Raw data
----
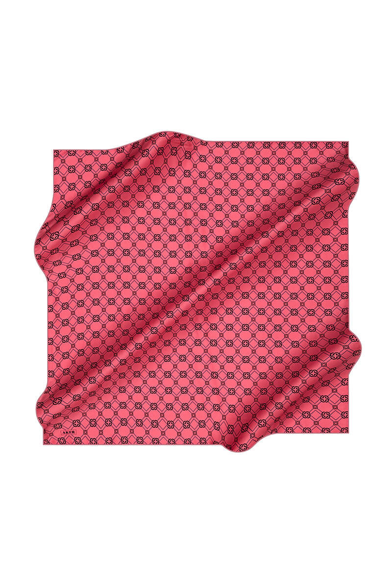 Logo Desenli 90X90 İpek Krep Saten Eşarp
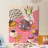 This warm composition illustrates a table adorned with a teapot, cups, and assorted fruits. The whimsical pink tablecloth and abstract patterns enhance its inviting charm.
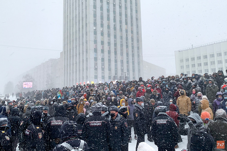 12:57 В Нижневартовске сегодня 43 градуса мороза. Но несмотря на это, люди вышли на площадь. Корреспондент «7x7» передает, что протестующих немного, рядом с площадью дежурит полиция.
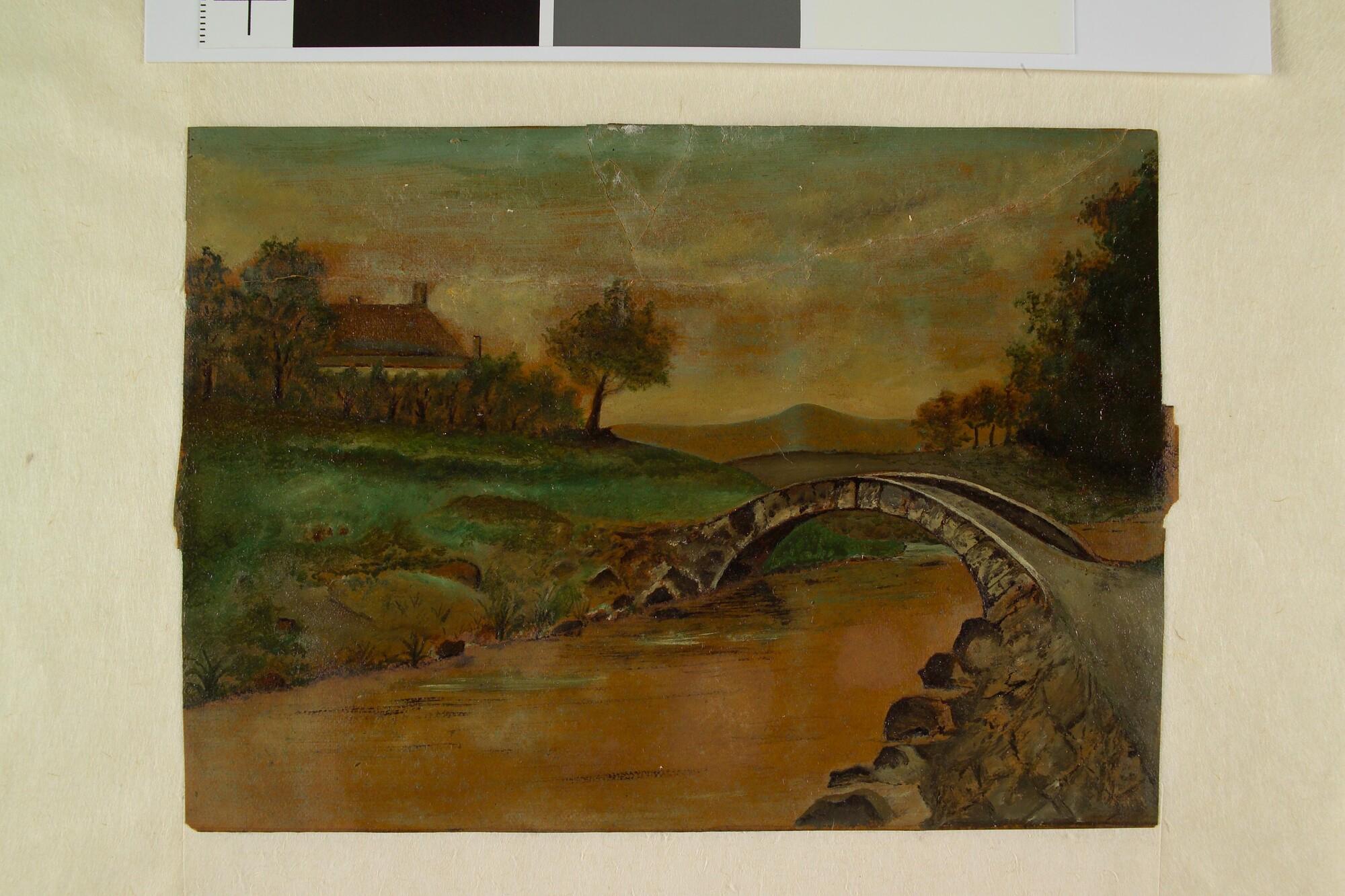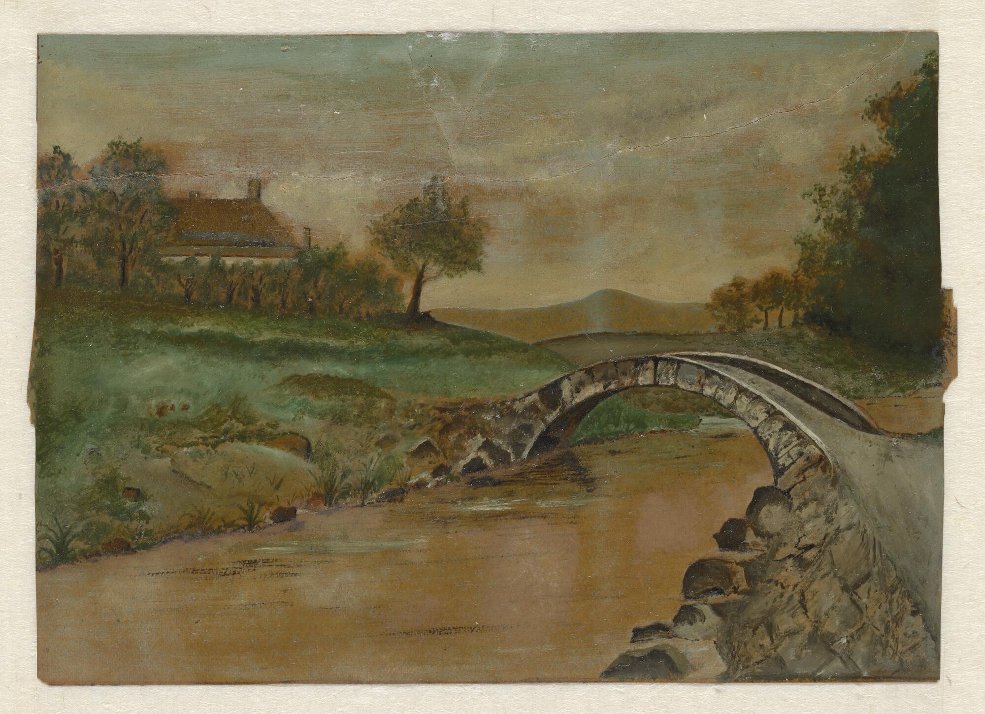 Olieverftekening van een heuvelachtig landschap met rivier waarover een stenen boogbrug.
----
Exercise prompt
Leaving the pictures out, write out all the material above exactly.

Task response
 Logo Desenli 90X90 İpek Krep Saten Eşarp
 This warm composition illustrates a table adorned with a teapot, cups, and assorted fruits. The whimsical pink tablecloth and abstract patterns enhance its inviting charm.
 12:57 В Нижневартовске сегодня 43 градуса мороза. Но несмотря на это, люди вышли на площадь. Корреспондент «7x7» передает, что протестующих немного, рядом с площадью дежурит полиция.
 Olieverftekening van een heuvelachtig landschap met rivier waarover een stenen boogbrug.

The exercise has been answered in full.